Tuesday, October 11, 2011

Class Warfare? Who's the Aggressor?

Almost since the beginning of the Occupy Wall Street "movement," detractors like Mayor Bloomberg and other 1 percenters, have tried to characterize the protestors as engaging in or encouraging "class warfare." In a sense, it's true. The 99 percenters are out on the streets protesting what Wall Street represents—the rich getting richer, the poor getting poorer, and the middle class stagnating or shrinking. We often hear that the "rich," the corporations, the banks are the providers of jobs. Without them or by attacking them (according to Bloomberg), the protestors want to destroy the very underpinnings of the job creators.

Importantly, it has also been said that by not allowing corporations to pay their CEOs a "competitive" salary, those same CEOs—that irreplaceable talent poole of Harvard Business School knowhow—will go to work elsewhere, and America will lose its competitive edge. So, it is necessary to allow capitalism to do its work, to reward "hard" work and ingenuity without restriction; to allow banks to compete in the world banking system; to allow corporations to compete globally. It is said that we must have multinational corporations in the U.S. to take business and enterprise to the rest of the world.

Let's see...CEOs in the US whose compensation is restricted will go...where, exactly?

Well, according to Steve Eder (Reuters, Sept. 23, 2009), Chairman Jiang Jianqing, of the world's largest bank in China,  Industrial and Commercial Bank, made just $234,700 in 2008. Compare this to Jamie Dimon, CEO of the world's fourth-largest bank, JPMorgan Chase & Co, who made $19,600,000. Chairman Jianqing's compensation is less than 2 percent of Dimon's compensation.

So, let's say that the IRS code allowed for an individual income tax on Dimon's 19.2 million at a 50 percent rate...let's just say that, not that I'm proposing it; or let's say we just passed a law to squash such obscene compensation packages and paid Dimon and other CEOs just...oh...I don't know...10 percent of their former salaries.

I can hear the wailing and gnashing of teeth now. We'll lose Dimon and CEOs of American banks and American corporations to our competitors! I wouldn't bet on it. Where are they going to go? Dimon would still be making almost four times what his Chinese counterpart would make—not that I'm seriously suggesting that, either. This extreme example illustrates a point: there is no cogent argument detractors of Occupy Wall Street can make about class warfare and wanting to destroy jobs on Wall Street (symbolizing at least the too-big-to-fail banks and the two-big-for-their-britches American CEOs)

No, the class warfare is made by the banks, like Bank of America and Chase on their credit card holders, or now debit card holders (who made this switch to avoid the astronomically high, usury interest rates. BofA wants to charge a $5/month fee for debit cards, increase the swipe fees to merchants for debit cards.
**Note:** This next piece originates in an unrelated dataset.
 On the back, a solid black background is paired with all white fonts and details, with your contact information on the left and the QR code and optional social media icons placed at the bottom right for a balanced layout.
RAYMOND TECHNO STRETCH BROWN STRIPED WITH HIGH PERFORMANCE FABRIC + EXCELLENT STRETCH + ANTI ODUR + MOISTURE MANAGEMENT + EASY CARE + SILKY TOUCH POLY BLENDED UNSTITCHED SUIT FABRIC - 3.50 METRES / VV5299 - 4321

They want to force credit card use on the 99 percenters, rather than using debit cards. Chase wants to charge $20/month on checking accounts that don't keep a balance of at least $15,000 in the checking account. And with Congress' credit card reforms of 2009, which gave banks 90 days to set up their new weaponry, with interest rates starting at 17 percent interest, instead of the 9 percent interest before the reforms by Congress, most of the too-big-to-fail banks were able to begin grabbing even more of the 99 percenters' money and are now making even greater profits off the backs of ordinary Americans.
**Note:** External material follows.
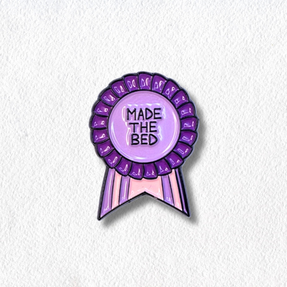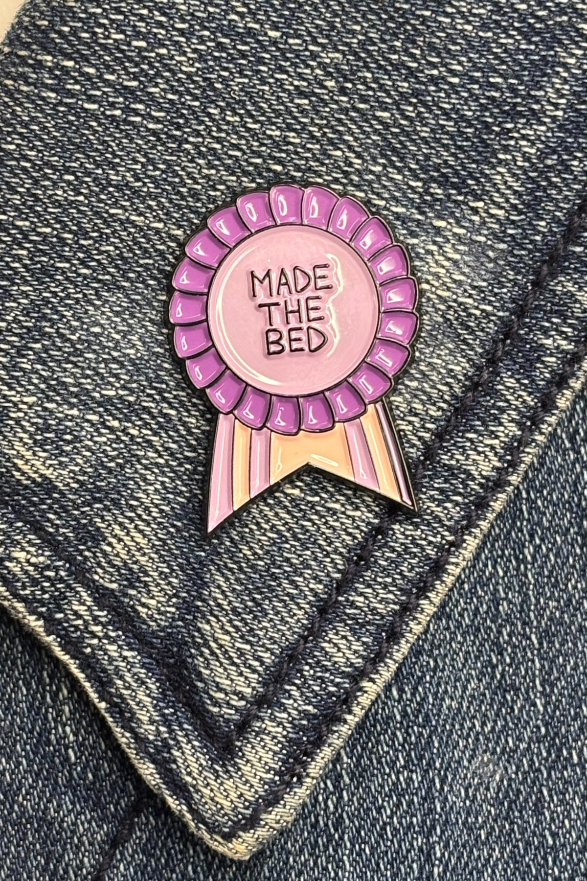 Some days, victory looks like tucking in a corner and fluffing a pillow. This lavender-and-pink enamel pin is here to celebrate your domestic triumph with style and sarcasm. It’s like a gold medal, but make it cozy.

There simply are not enough shame-inducing adjectives to describe the real aggressors in this current issue of occupying Wall Street. It's unbridled greed, combined with lack of any real regulation on banks and banking "products" that pose the real warfare.

What I don't understand is how anyone who makes less that $50,000/year could ever fight on the side of the banks and the corporations in this "war." Talk about Ponzi schemes!